Zeytin bir ölmez eser midir?

Zeytin bir ölmez eser midir?



“Ben de zeytin ağacı dikmenin amel-i salih gibi bir ölmez eser olduğuna inanıyorum…”

 

Arkadaşımı aradım geçenlerde… Merdivenden düşmüş… Allah korumuş…

Ve nasıl düştüğünü anlattı… Sohbet ta nerelere kadar uzadı…

“Zeytin ağacına merdivenle çıkarız biz… Merdiven beş altı basamaklı… En tepeye çıkıp bir ayağımız merdivende bir ayağımız dalda zeytin toplarız…

Zeytin topladıkça aşağıya doğru basamak basamak ineriz… Ben de üçüncü basamakta zeytini toplayıp ikinci basamağa inerken, nasıl olduysa ayağım boşluğa gelince dengemi kaybedip sağ taraftan sırtüstü yere yuvarlandım…

O an nefes alamaz oldum. Ölüyorum zannettim… Ölüyorum deyince, ah bre bir meslektaşım vardı benim… O garibim de evinin önüne iki üç tane zeytin ağacı dikmişti…

Geçen sene o zeytinleri zeytin vermeye başlayınca onları toplamak için yine benim gibi merdiven dayıyor… O da merdivende dengesini kaybedip düştü… Öldü be adamcağız…

Sen şu işe bak… Kendi elleriyle diktiği zeytin kendi eceline sebep olacakmış biliyor musunuz?

Dünya bir garip işte… Allah herkese bir ecel herkese bir ömür vermiş…

Ben de iki hafta geçtiği hâlde daha ağrı kesicilerle filan zor kendime gelebildim…

Ama bu zeytin bambaşka bir şey… Bahar geldi mi zeytinliklere gittiğinde öyle bir koku yayılır ki burnuna… Genizlerinden beynindeki hücrelere kadar mis gibi kokuyu içine çeker mest olursun…

Hani derler ya “Her kim ki olursa bu sırra mazhar/Dünyaya bırakır bir ölmez eser…”

Ben de zeytin ağacı dikmenin bir ölmez eser olduğuna inanıyorum…  Amel-i salih olduğuna inanıyorum…
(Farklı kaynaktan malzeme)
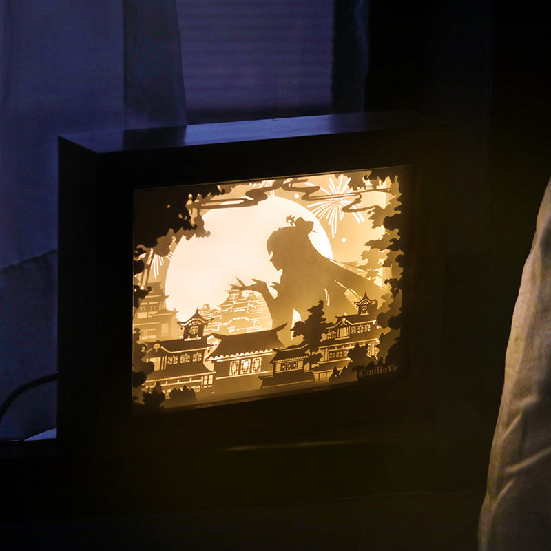 Experience the enchantment of Genshin Impact with our official merchandise, proudly brought to you by miHoYo. Delight in our intricately designed paper-cut lightbox, capturing a mesmerizing story cutscene featuring Tianquan of the Liyue Qixing and Jade Chamber's esteemed owner, Ningguang. Elevate your living room or bedroom ambiance with this exquisite piece that doubles as a captivating night lamp.[Product Information]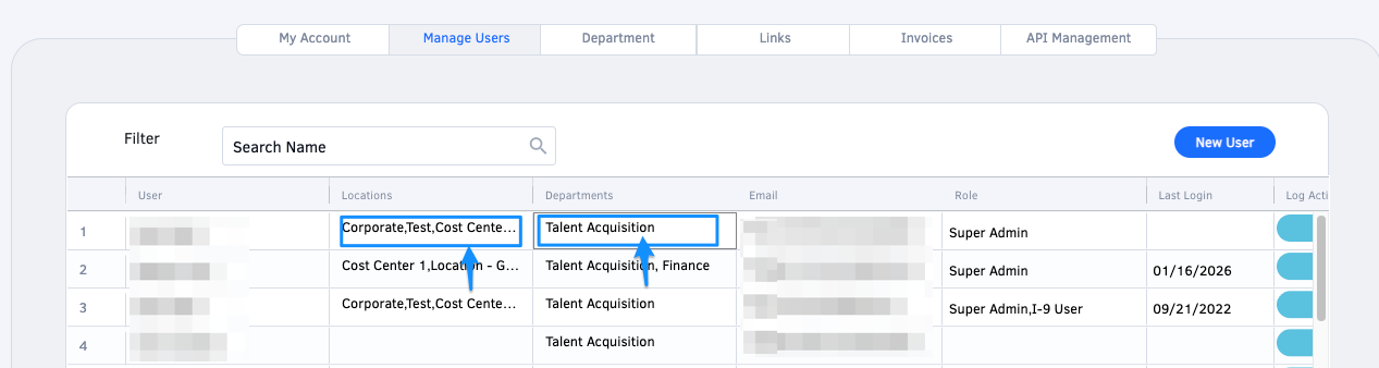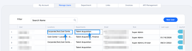 To edit a user’s Location or Department, click on the box next to their user name in the Location or Department column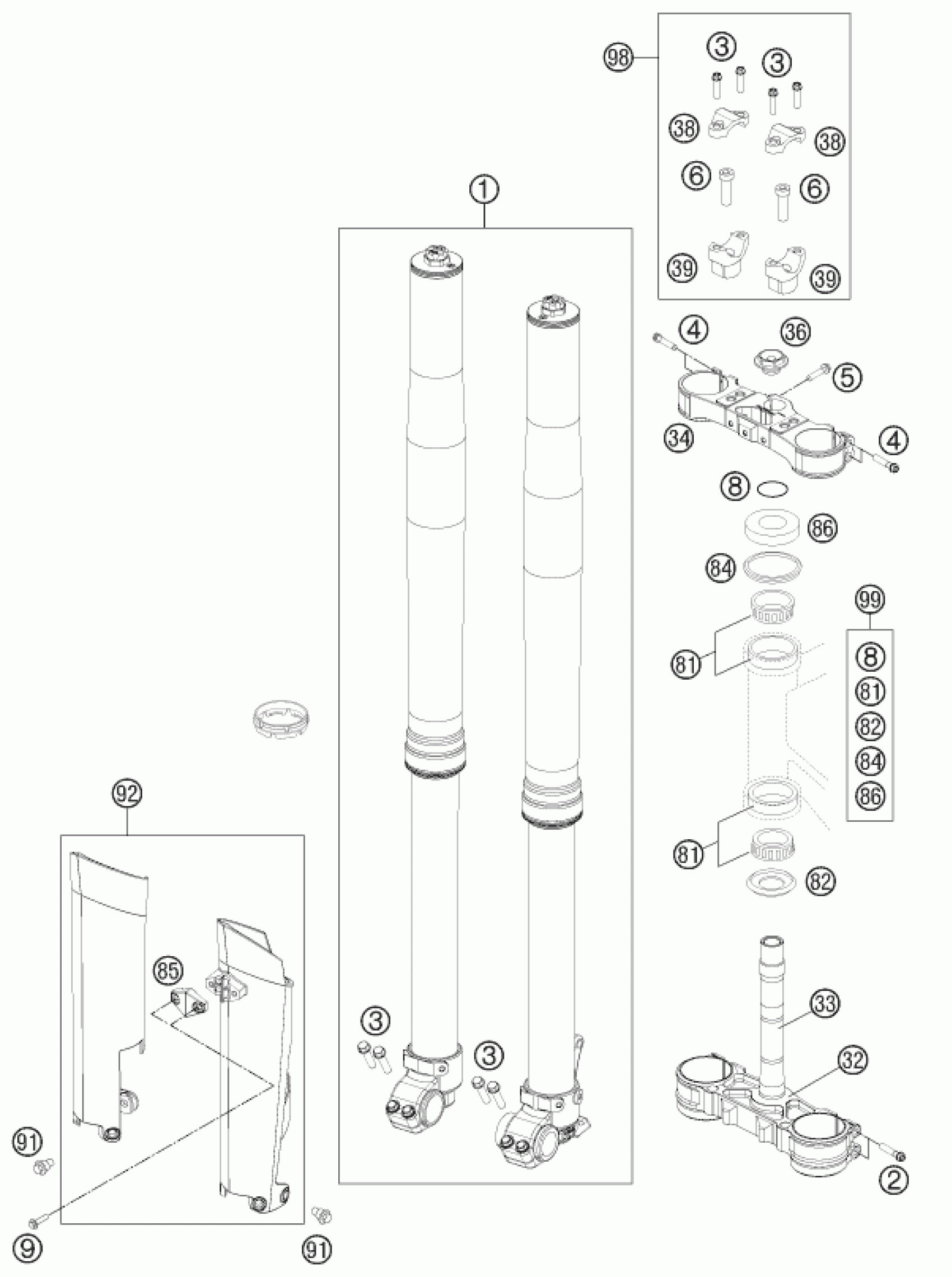 FRONT FORK, TRIPLE CLAMP
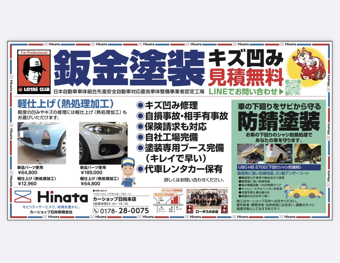 2025.11.01青森県八戸市で鈑金塗装・キズへこみ・事故修理は当社カーショップ日向へお任せください。お見積り無料です。 ミッド八通のチラシに掲載していただきました。
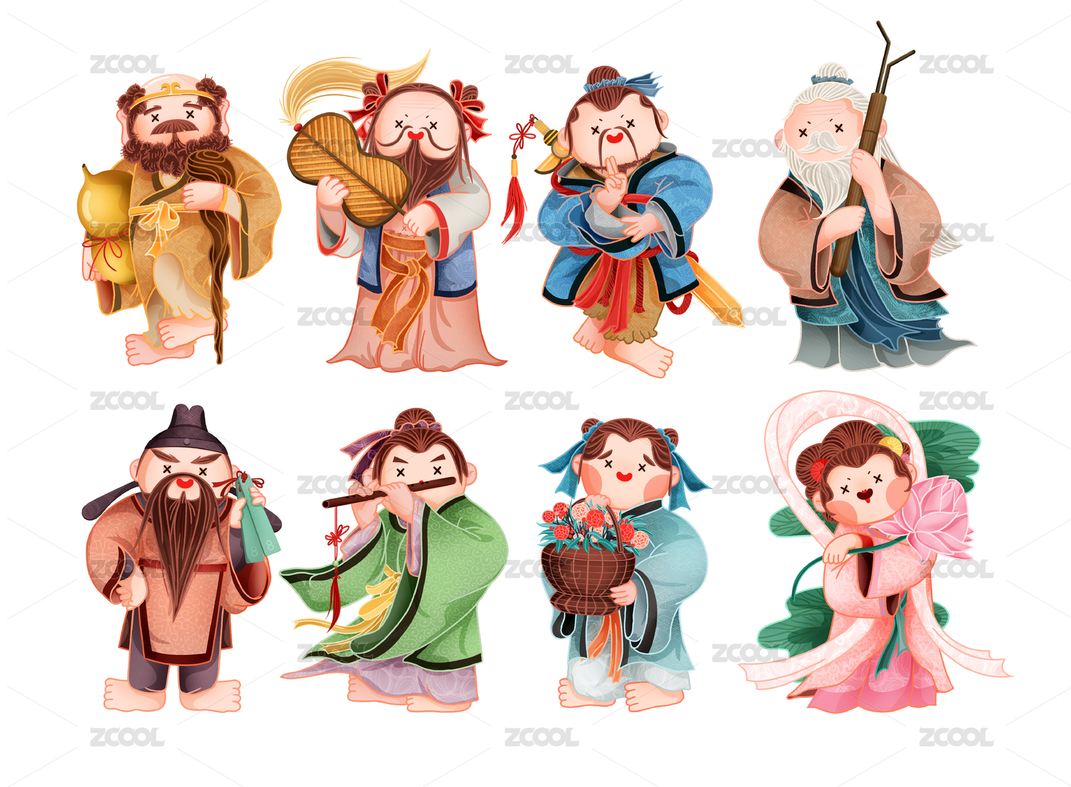 八仙過海人物角色系列原創(chuàng)插畫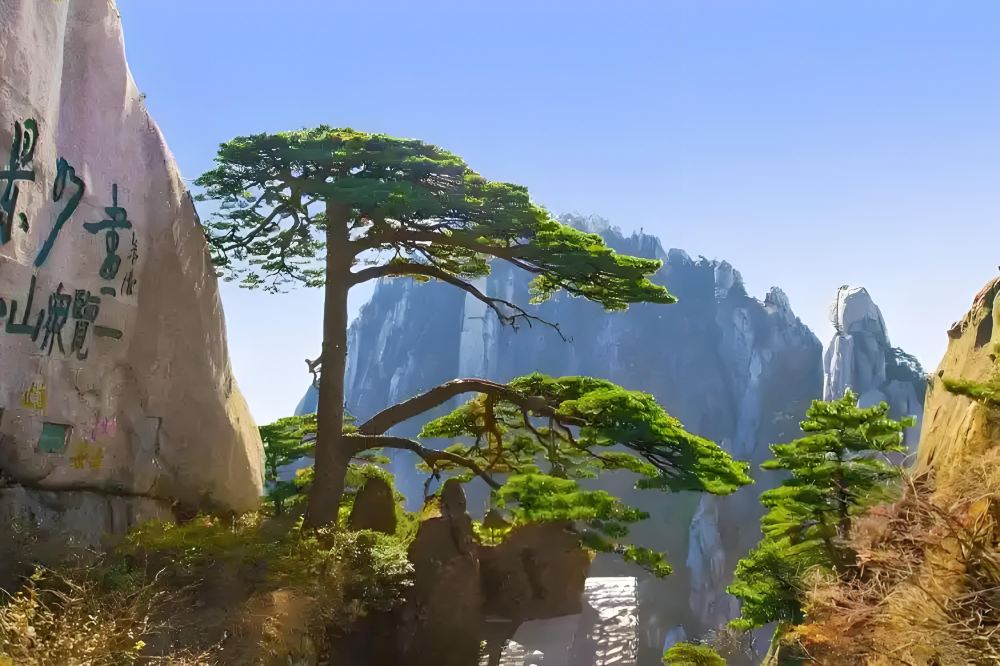 Entrando nella montagna, si raggiunge prima Baie Ridge, che ha la forma di un'oca sdraiata; poi si raggiunge Shixin Peak, dove strani pini e rocce mostrano le meraviglie della natura, e i pini tigrati neri si ergono fieri tra loro.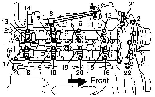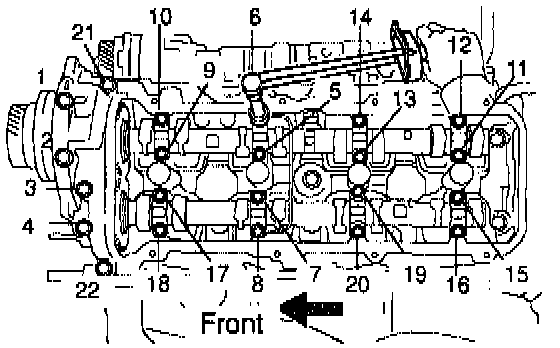 12) Uniformly tighten the 22 bearing cap bolts in several passes, in the sequence shown.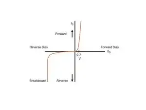 Теория диода; по оси X — напряжение, по оси Y — ток. Отсюда берутся диапазоны «пройден/не пройден» при тестировании диодов.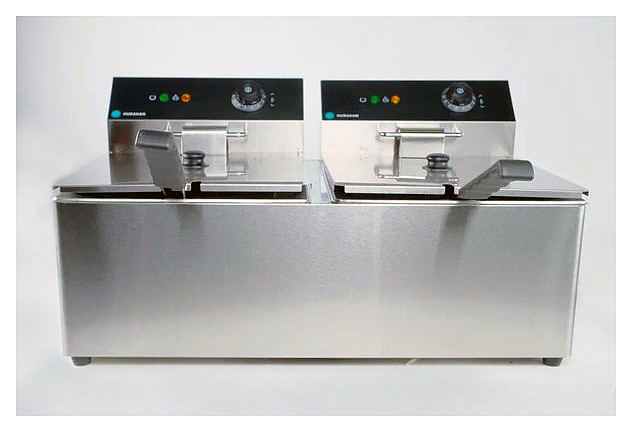Фритюрница Hurakan HKN-FD88N предназначена для приготовления широкого спектра блюд в большом объеме масла или жира на предприятиях общественного питания и торговли. Модель оснащена электромеханической системой управления и регулировкой температуры. Корпус, корзина и крышка выполнены из нержавеющей стали. В комплект поставки входят 2 корзины и 2 крышки. Дополнительные характеристики: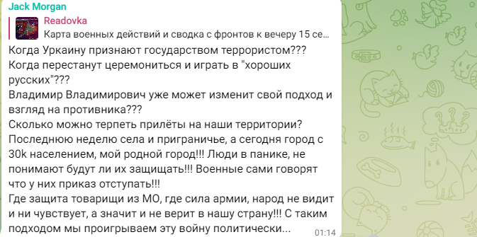 У місцевому пабліку істерика та нарікання розносяться з нечуваною швидкістю. Схоже, росіяни перелякані не на жарт. Але зробити вони нічого не можуть. Лише не розуміють, де ж їхні "защітнікі" з "второй армії міра". Ті самі, які безсоромно тікають з України.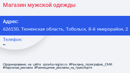 Магазин мужской одежды по адресу 626150, Тюменская область, Тобольск, 8-й микрорайон, 2 в дальнейшем Организация, размещена в следующих категориях:

Bilmiyorum insanlık kadar eski zeytin ağaçları var mı ama bizim oralarda Erdel taraflarında dört bin beş bin yıllık zeytin ağaçlarından söz edildiğini biliyorum… Öyle ki yazın o ağaçların gölgesinde iki yüz üç yüz baş koyun sürüsünü gölgelendirebiliyorsunuz.

O kadar geniş bir gövdesi var… Gövde ki içi oyulmuş, içinde ayrı bir dünya… İçine girmeye çekinir korkarsın… Yılan mı barınır çıyan mı? Tilki mi çıkar karşına tavşan mı bilinmez…

Dalları göğe yükselmiş apayrı bir dünya… Ve bu ağaçlardan her sene 30-35 çuval zeytin toplanıyor ki, bu da yaklaşık bir buçuk ton zeytine denk geliyor… Bir zeytin ağacından düşünebiliyor musun?